## Required work
Word for word, transcribe the lines below and drop the pictures.

[Task data — start]

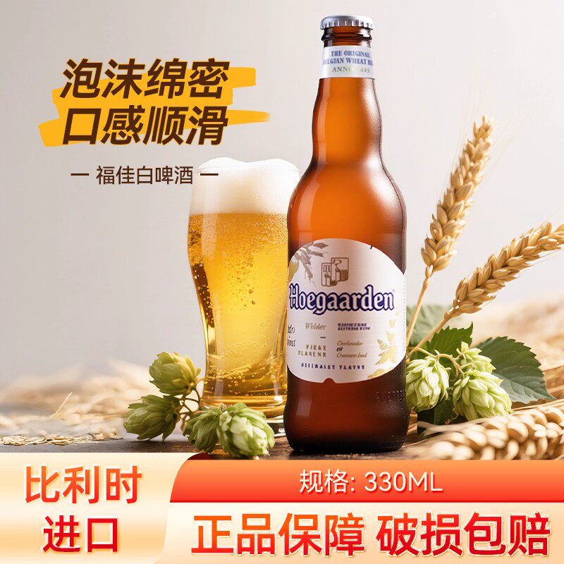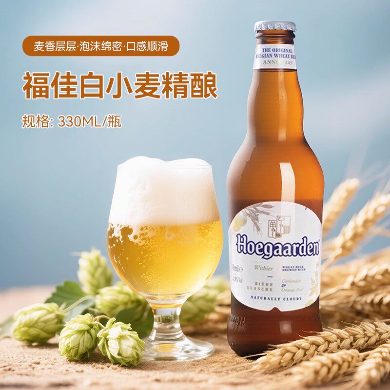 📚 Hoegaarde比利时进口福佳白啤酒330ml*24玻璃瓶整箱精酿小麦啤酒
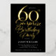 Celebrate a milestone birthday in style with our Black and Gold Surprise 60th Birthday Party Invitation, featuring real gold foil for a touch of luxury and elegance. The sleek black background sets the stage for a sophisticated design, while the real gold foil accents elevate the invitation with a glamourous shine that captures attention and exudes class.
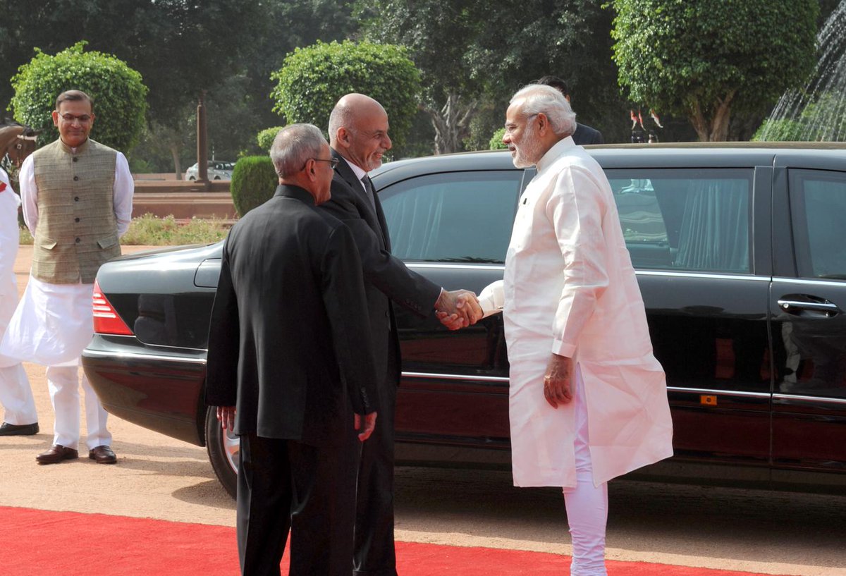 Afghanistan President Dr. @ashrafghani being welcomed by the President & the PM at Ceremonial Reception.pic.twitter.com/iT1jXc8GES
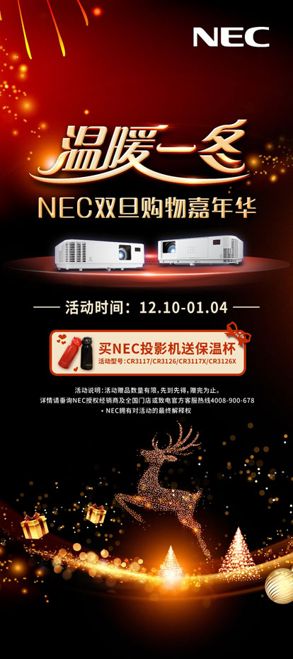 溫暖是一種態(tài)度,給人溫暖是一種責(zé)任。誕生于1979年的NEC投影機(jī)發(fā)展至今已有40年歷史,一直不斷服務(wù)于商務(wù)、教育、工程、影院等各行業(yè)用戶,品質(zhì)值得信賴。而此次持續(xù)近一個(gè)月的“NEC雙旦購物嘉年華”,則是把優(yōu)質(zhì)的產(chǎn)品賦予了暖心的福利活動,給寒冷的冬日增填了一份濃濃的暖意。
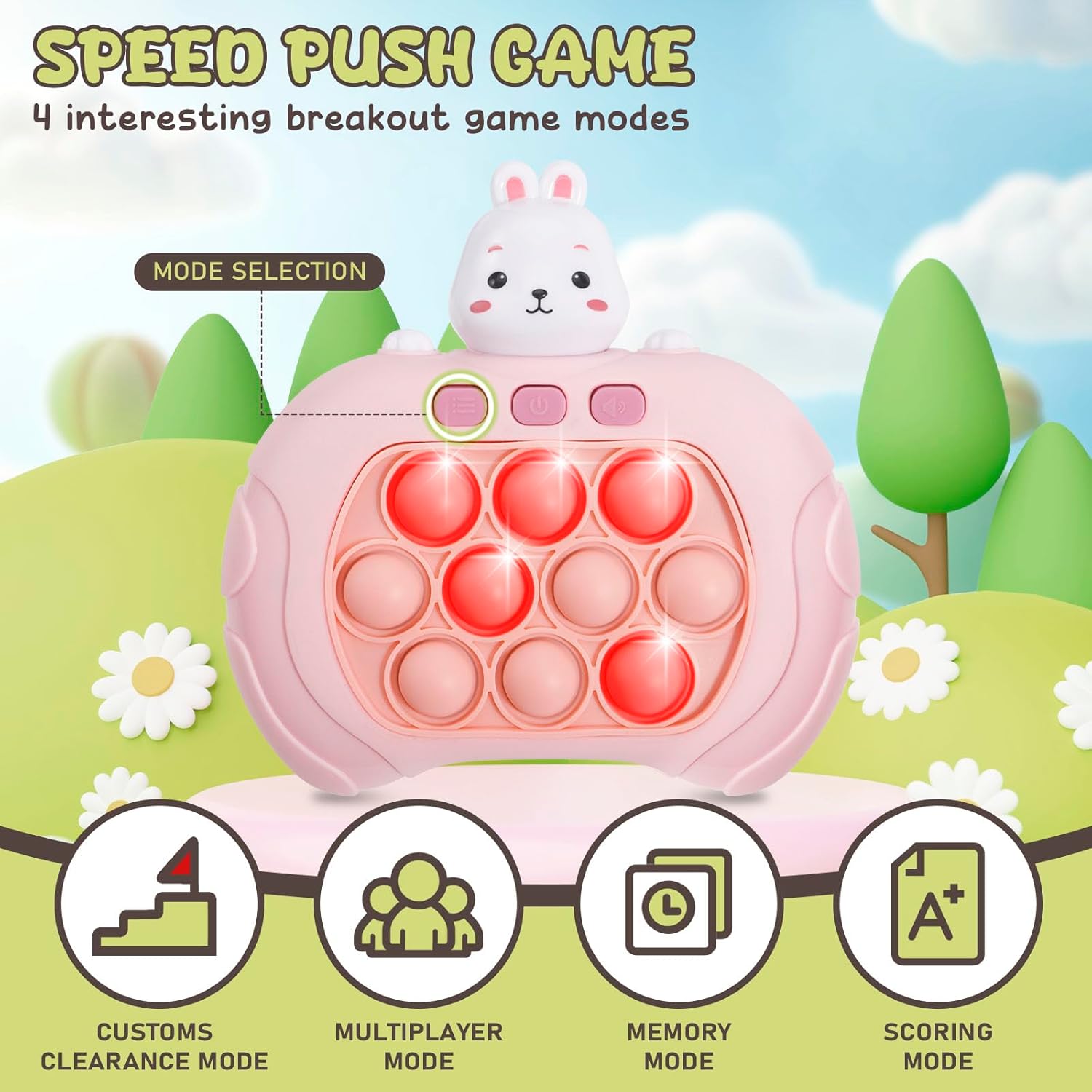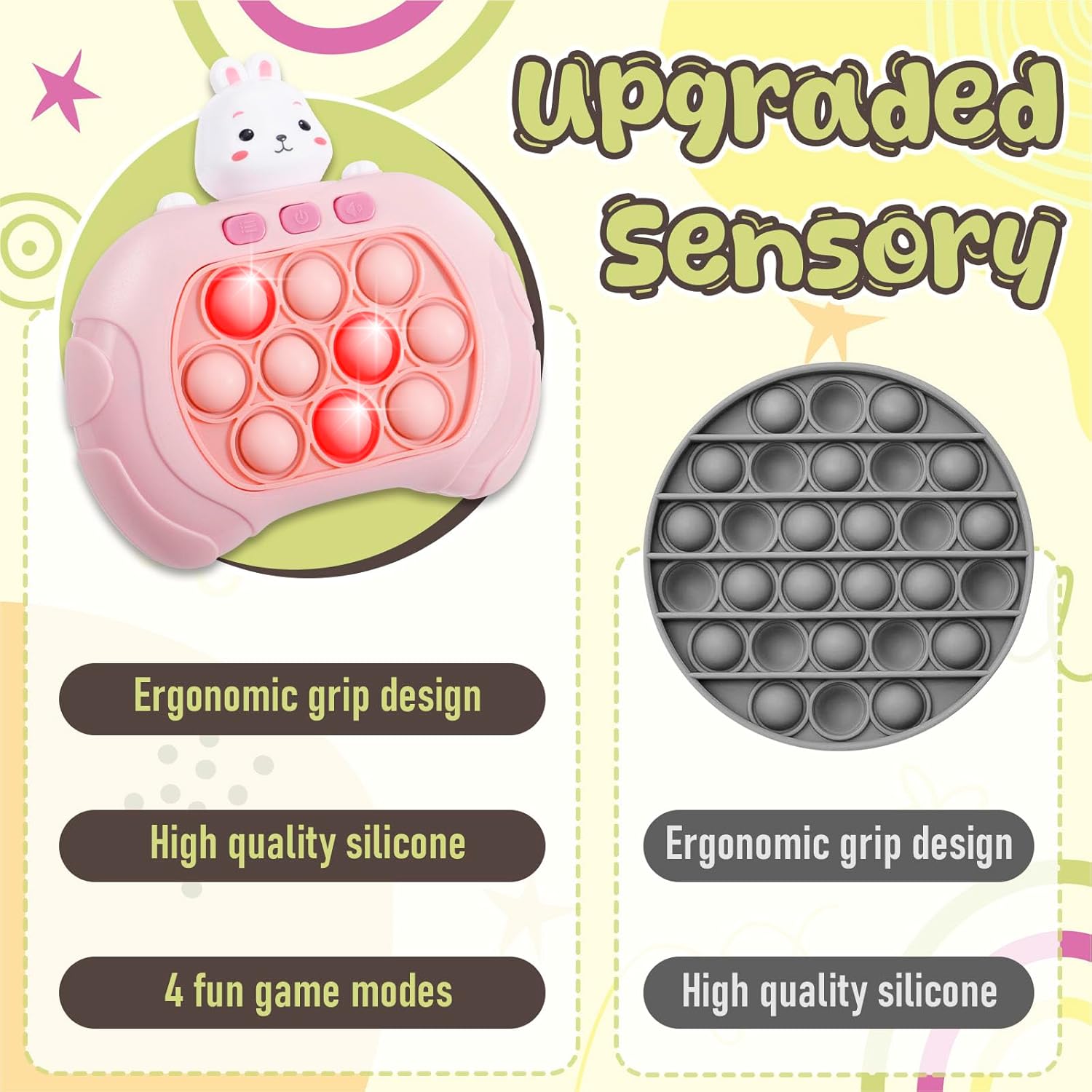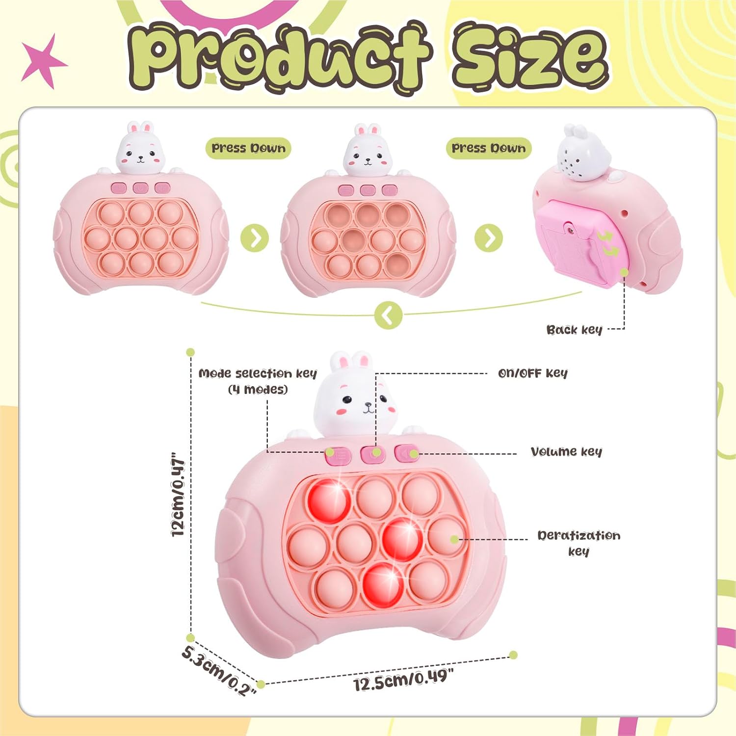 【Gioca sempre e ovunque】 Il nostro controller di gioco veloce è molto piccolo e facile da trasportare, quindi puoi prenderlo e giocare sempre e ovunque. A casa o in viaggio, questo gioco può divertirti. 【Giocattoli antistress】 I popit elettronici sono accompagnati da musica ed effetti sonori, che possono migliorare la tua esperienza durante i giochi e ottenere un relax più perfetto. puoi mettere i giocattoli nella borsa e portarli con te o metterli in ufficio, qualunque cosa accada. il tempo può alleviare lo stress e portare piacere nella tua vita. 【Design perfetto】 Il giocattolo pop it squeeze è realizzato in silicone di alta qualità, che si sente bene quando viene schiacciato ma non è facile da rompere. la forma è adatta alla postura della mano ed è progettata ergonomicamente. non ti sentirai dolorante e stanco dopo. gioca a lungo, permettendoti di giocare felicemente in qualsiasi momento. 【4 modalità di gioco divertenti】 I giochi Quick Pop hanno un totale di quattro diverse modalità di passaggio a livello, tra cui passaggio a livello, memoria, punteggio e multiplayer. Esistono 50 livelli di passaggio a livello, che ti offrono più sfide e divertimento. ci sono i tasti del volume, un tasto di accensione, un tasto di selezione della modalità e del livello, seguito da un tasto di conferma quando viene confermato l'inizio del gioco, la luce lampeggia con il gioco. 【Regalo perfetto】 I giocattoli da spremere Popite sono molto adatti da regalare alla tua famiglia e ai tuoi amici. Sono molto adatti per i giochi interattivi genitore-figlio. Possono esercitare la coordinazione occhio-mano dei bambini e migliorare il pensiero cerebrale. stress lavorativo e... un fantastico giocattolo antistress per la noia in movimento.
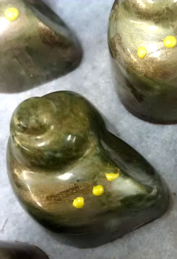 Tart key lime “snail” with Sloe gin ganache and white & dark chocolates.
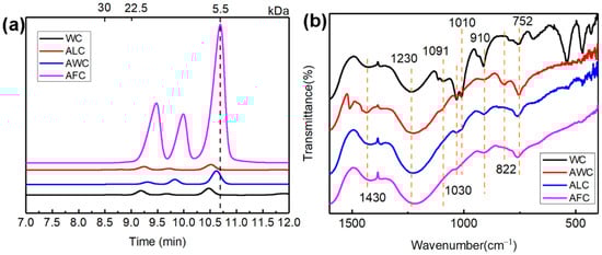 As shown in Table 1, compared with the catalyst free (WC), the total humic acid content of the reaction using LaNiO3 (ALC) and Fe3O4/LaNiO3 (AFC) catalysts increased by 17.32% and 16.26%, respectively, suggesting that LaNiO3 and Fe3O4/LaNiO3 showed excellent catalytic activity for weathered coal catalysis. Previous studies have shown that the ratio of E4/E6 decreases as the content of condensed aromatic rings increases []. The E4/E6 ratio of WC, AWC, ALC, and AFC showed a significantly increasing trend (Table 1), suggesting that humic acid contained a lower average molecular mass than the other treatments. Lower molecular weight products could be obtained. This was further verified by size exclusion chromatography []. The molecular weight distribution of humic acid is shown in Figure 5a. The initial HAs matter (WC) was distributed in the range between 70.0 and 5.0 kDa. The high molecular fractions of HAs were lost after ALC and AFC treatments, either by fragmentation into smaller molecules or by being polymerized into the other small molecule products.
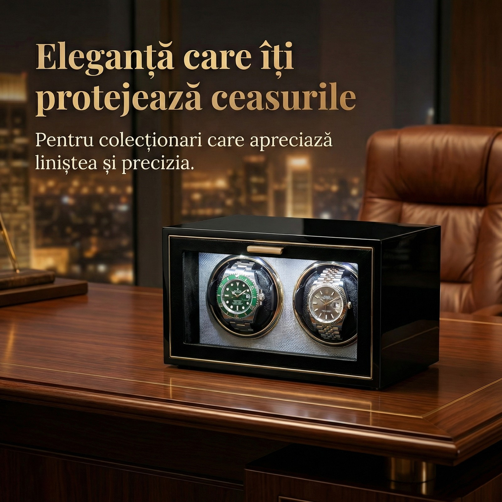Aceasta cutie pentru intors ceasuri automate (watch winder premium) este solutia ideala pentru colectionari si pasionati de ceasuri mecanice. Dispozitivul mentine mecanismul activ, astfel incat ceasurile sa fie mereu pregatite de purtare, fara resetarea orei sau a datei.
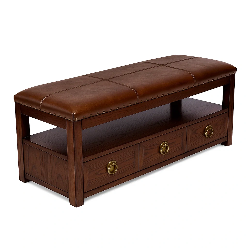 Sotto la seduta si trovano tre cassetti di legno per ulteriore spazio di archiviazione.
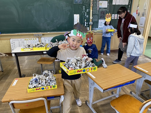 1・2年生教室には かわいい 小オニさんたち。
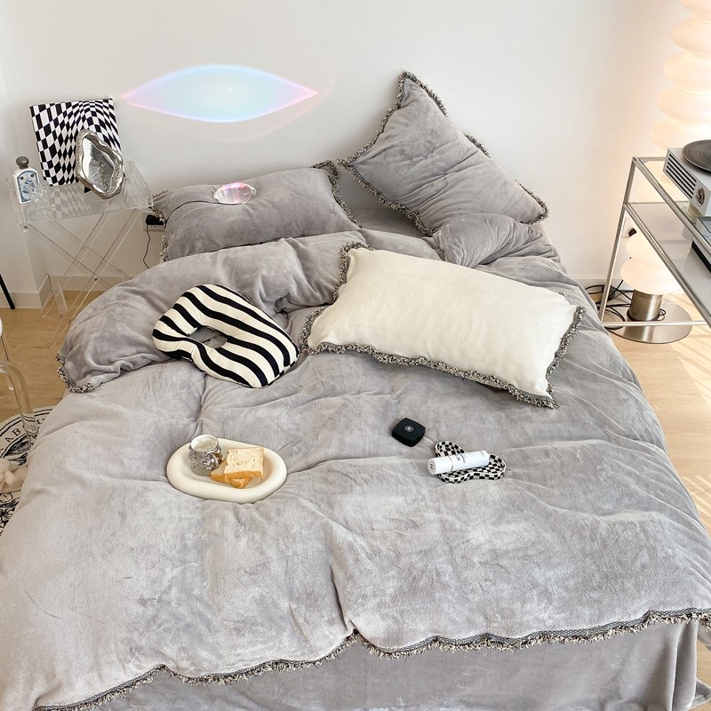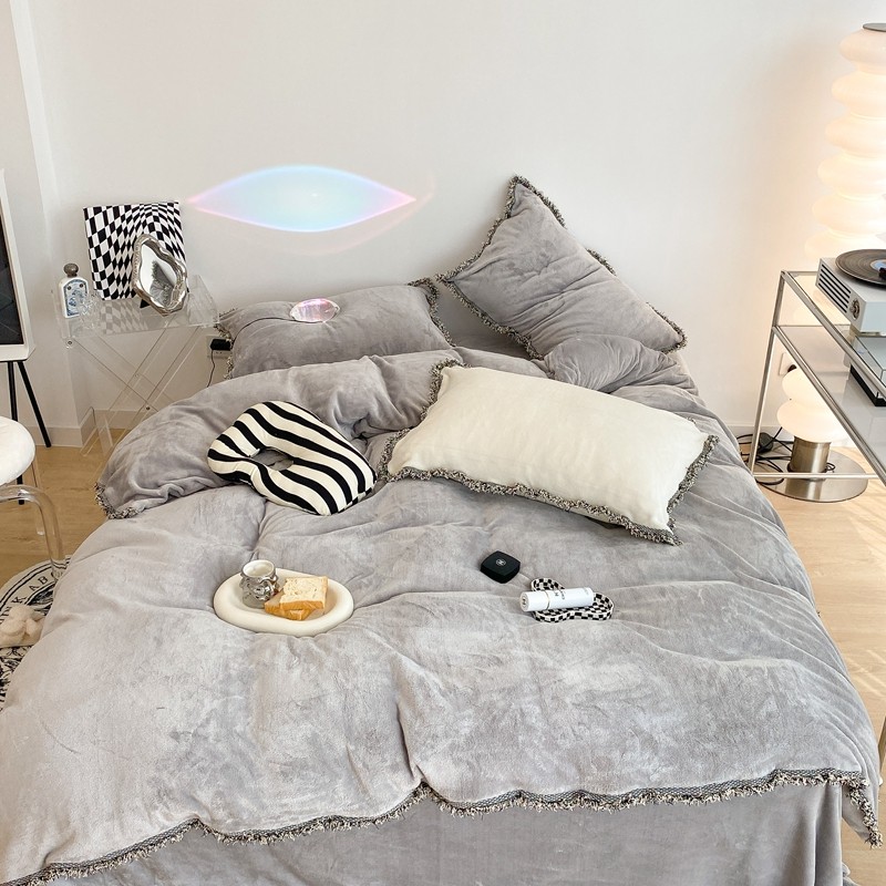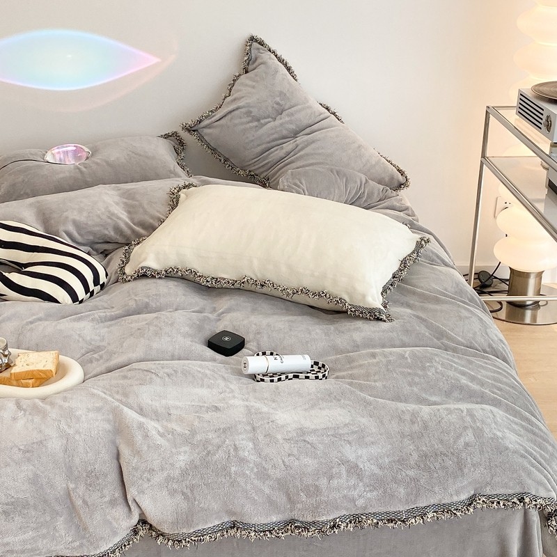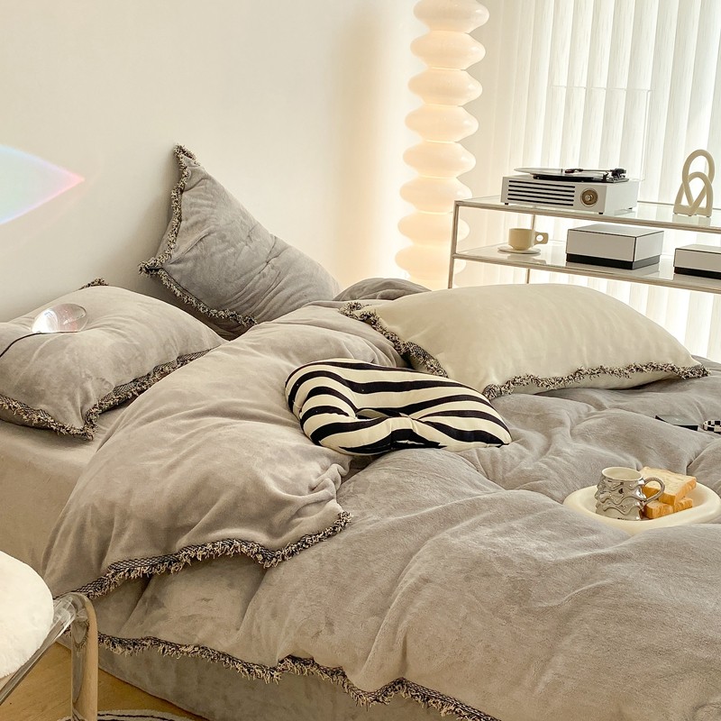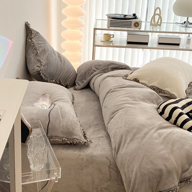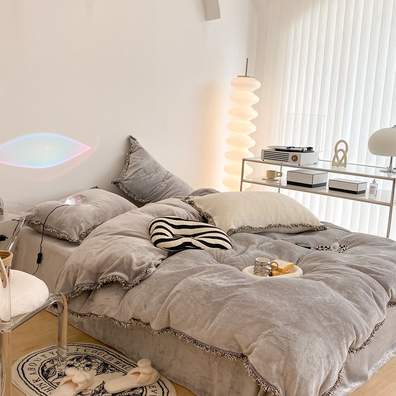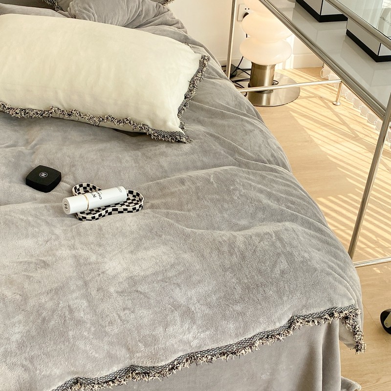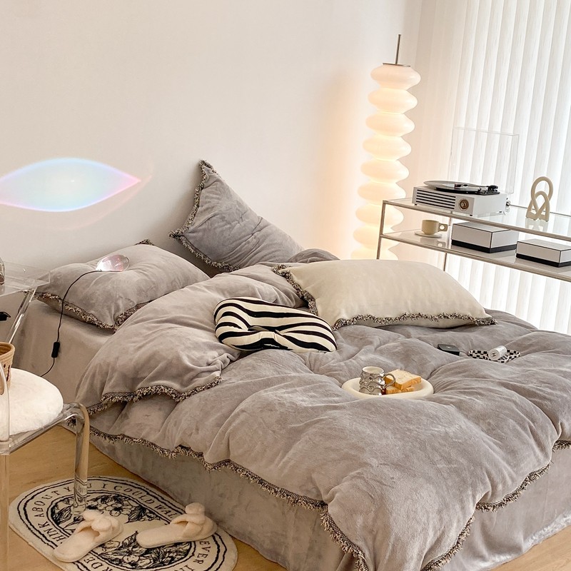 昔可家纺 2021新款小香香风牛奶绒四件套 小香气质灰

[Task data — finish]

## Result of this exercise
 📚 Hoegaarde比利时进口福佳白啤酒330ml*24玻璃瓶整箱精酿小麦啤酒
 Celebrate a milestone birthday in style with our Black and Gold Surprise 60th Birthday Party Invitation, featuring real gold foil for a touch of luxury and elegance. The sleek black background sets the stage for a sophisticated design, while the real gold foil accents elevate the invitation with a glamourous shine that captures attention and exudes class.
 Afghanistan President Dr. @ashrafghani being welcomed by the President & the PM at Ceremonial Reception.pic.twitter.com/iT1jXc8GES
 溫暖是一種態(tài)度,給人溫暖是一種責(zé)任。誕生于1979年的NEC投影機(jī)發(fā)展至今已有40年歷史,一直不斷服務(wù)于商務(wù)、教育、工程、影院等各行業(yè)用戶,品質(zhì)值得信賴。而此次持續(xù)近一個(gè)月的“NEC雙旦購物嘉年華”,則是把優(yōu)質(zhì)的產(chǎn)品賦予了暖心的福利活動,給寒冷的冬日增填了一份濃濃的暖意。
 【Gioca sempre e ovunque】 Il nostro controller di gioco veloce è molto piccolo e facile da trasportare, quindi puoi prenderlo e giocare sempre e ovunque. A casa o in viaggio, questo gioco può divertirti. 【Giocattoli antistress】 I popit elettronici sono accompagnati da musica ed effetti sonori, che possono migliorare la tua esperienza durante i giochi e ottenere un relax più perfetto. puoi mettere i giocattoli nella borsa e portarli con te o metterli in ufficio, qualunque cosa accada. il tempo può alleviare lo stress e portare piacere nella tua vita. 【Design perfetto】 Il giocattolo pop it squeeze è realizzato in silicone di alta qualità, che si sente bene quando viene schiacciato ma non è facile da rompere. la forma è adatta alla postura della mano ed è progettata ergonomicamente. non ti sentirai dolorante e stanco dopo. gioca a lungo, permettendoti di giocare felicemente in qualsiasi momento. 【4 modalità di gioco divertenti】 I giochi Quick Pop hanno un totale di quattro diverse modalità di passaggio a livello, tra cui passaggio a livello, memoria, punteggio e multiplayer. Esistono 50 livelli di passaggio a livello, che ti offrono più sfide e divertimento. ci sono i tasti del volume, un tasto di accensione, un tasto di selezione della modalità e del livello, seguito da un tasto di conferma quando viene confermato l'inizio del gioco, la luce lampeggia con il gioco. 【Regalo perfetto】 I giocattoli da spremere Popite sono molto adatti da regalare alla tua famiglia e ai tuoi amici. Sono molto adatti per i giochi interattivi genitore-figlio. Possono esercitare la coordinazione occhio-mano dei bambini e migliorare il pensiero cerebrale. stress lavorativo e... un fantastico giocattolo antistress per la noia in movimento.
 Tart key lime “snail” with Sloe gin ganache and white & dark chocolates.
 As shown in Table 1, compared with the catalyst free (WC), the total humic acid content of the reaction using LaNiO3 (ALC) and Fe3O4/LaNiO3 (AFC) catalysts increased by 17.32% and 16.26%, respectively, suggesting that LaNiO3 and Fe3O4/LaNiO3 showed excellent catalytic activity for weathered coal catalysis. Previous studies have shown that the ratio of E4/E6 decreases as the content of condensed aromatic rings increases []. The E4/E6 ratio of WC, AWC, ALC, and AFC showed a significantly increasing trend (Table 1), suggesting that humic acid contained a lower average molecular mass than the other treatments. Lower molecular weight products could be obtained. This was further verified by size exclusion chromatography []. The molecular weight distribution of humic acid is shown in Figure 5a. The initial HAs matter (WC) was distributed in the range between 70.0 and 5.0 kDa. The high molecular fractions of HAs were lost after ALC and AFC treatments, either by fragmentation into smaller molecules or by being polymerized into the other small molecule products.
Aceasta cutie pentru intors ceasuri automate (watch winder premium) este solutia ideala pentru colectionari si pasionati de ceasuri mecanice. Dispozitivul mentine mecanismul activ, astfel incat ceasurile sa fie mereu pregatite de purtare, fara resetarea orei sau a datei.
 Sotto la seduta si trovano tre cassetti di legno per ulteriore spazio di archiviazione.
 1・2年生教室には かわいい 小オニさんたち。
 昔可家纺 2021新款小香香风牛奶绒四件套 小香气质灰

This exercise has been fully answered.